Where Does Honey Come From?

Quick Answer

Honey is made by honey bees from flower nectar. Bees collect nectar (a sugary liquid) from flowers, store it in a special stomach, and regurgitate it into the hive. Other bees process it by repeatedly ingesting and regurgitating, adding enzymes. They fan it with their wings to evaporate water until it thickens into honey, then seal cells with wax.

Key Takeaways

  • The process starts with forager bees visiting flowers and sucking nectar through their proboscis into a special "honey stomach" (separate from their digestive stomach).
  • Honey flavor and color depend on which flowers bees visited—clover, wildflower, orange blossom, etc.
  • "Raw" honey is minimally processed; regular honey is heated and filtered.

Explanation

The process starts with forager bees visiting flowers and sucking nectar through their proboscis into a special "honey stomach" (separate from their digestive stomach). One bee visits 50-100 flowers per trip. Back at the hive, they pass the nectar to processor bees through mouth-to-mouth transfer.

Processor bees manipulate the nectar for 15-20 minutes, adding enzymes (invertase, glucose oxidase) that break down complex sugars and add antimicrobial properties. They repeatedly regurgitate and re-ingest the nectar. Then it's spread in honeycomb cells where bees fan it, evaporating water from 70% down to 17-18%.

Bees make honey as food storage for winter when flowers aren't blooming. A healthy hive produces more than they need, which is how beekeepers can harvest excess without harming the colony. The honey's low moisture and acidic pH preserve it indefinitely—edible honey has been found in Egyptian tombs.

A single colony of 20,000-80,000 bees produces 30-60 pounds of surplus honey per year in a productive season. To make just one pound of honey, bees collectively fly approximately 55,000 miles and visit roughly 2 million flowers. Forager bees communicate flower locations to hive mates through a 'waggle dance' that encodes direction relative to the sun and distance from the hive with remarkable accuracy.

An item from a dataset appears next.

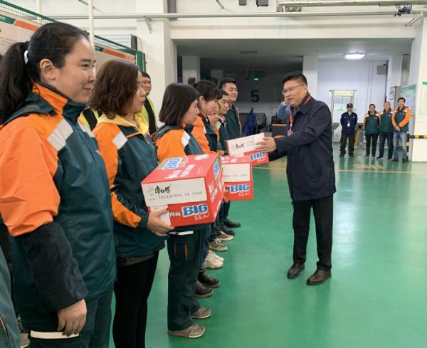 随后,谷德凯常务副主席一行前往基层慰问一线职工。每到一处,谷主席都为一线员工送去方便面、火腿肠、水果等慰问品,并与职工亲切交谈,详细了解业务发展情况,询问“双11”期间投递量的变化、一线职工收入情况等,实地查看了生产作业场地、职工书屋、职工活动室、职工食堂、职工小家、创新工作室等。在太原国际邮件互换局和太原邮区中心局,谷主席对大家积极应对“双11”,全力以赴保时限、保质量、保服务给予充分肯定。他指出,“双11”是创收旺季,一定要注意邮件安全,确保质量和时限,践行好“人民邮政为人民”的服务宗旨,努力打造行业“国家队”。在看到现场忙碌的工作场景后,他叮嘱大家在工作的同时要保护好身体,注意劳逸结合。在朱迎春创新工作室,谷主席认真听取了创新工作室情况,详细了解了推出的创新成果,表示肯定和赞许。特别是对“邮政半挂车厢制动系统加装低气压报警装置”给予高度评价,并现场对如何改进集包封装,提高生产效率、减少职工重复劳动提出建议。他要求创新工作室要起到示范引领和辐射带动作用,从工作实际出发优化工艺流程,特别是在小机具方面有一些革新,不断提高生产效率,充分发挥创新工作室破解工作难题、推动企业创新发展的作用。

Honey's composition is approximately 38% fructose, 31% glucose, 17% water, and smaller amounts of sucrose, minerals, vitamins, and pollen. The specific sugar ratio determines whether honey crystallizes quickly or stays liquid. High-glucose honeys like clover crystallize within weeks, while high-fructose varieties like acacia remain liquid for years. Crystallized honey is perfectly safe and can be reliquefied by gently warming the jar in 110°F water for 15-20 minutes.

Things to Know

  • Honey flavor and color depend on which flowers bees visited—clover, wildflower, orange blossom, etc.
  • "Raw" honey is minimally processed; regular honey is heated and filtered.
  • One bee produces only about 1/12 teaspoon of honey in its lifetime.
  • Bees from a single hive may fly 55,000 miles and visit 2 million flowers to make one pound of honey.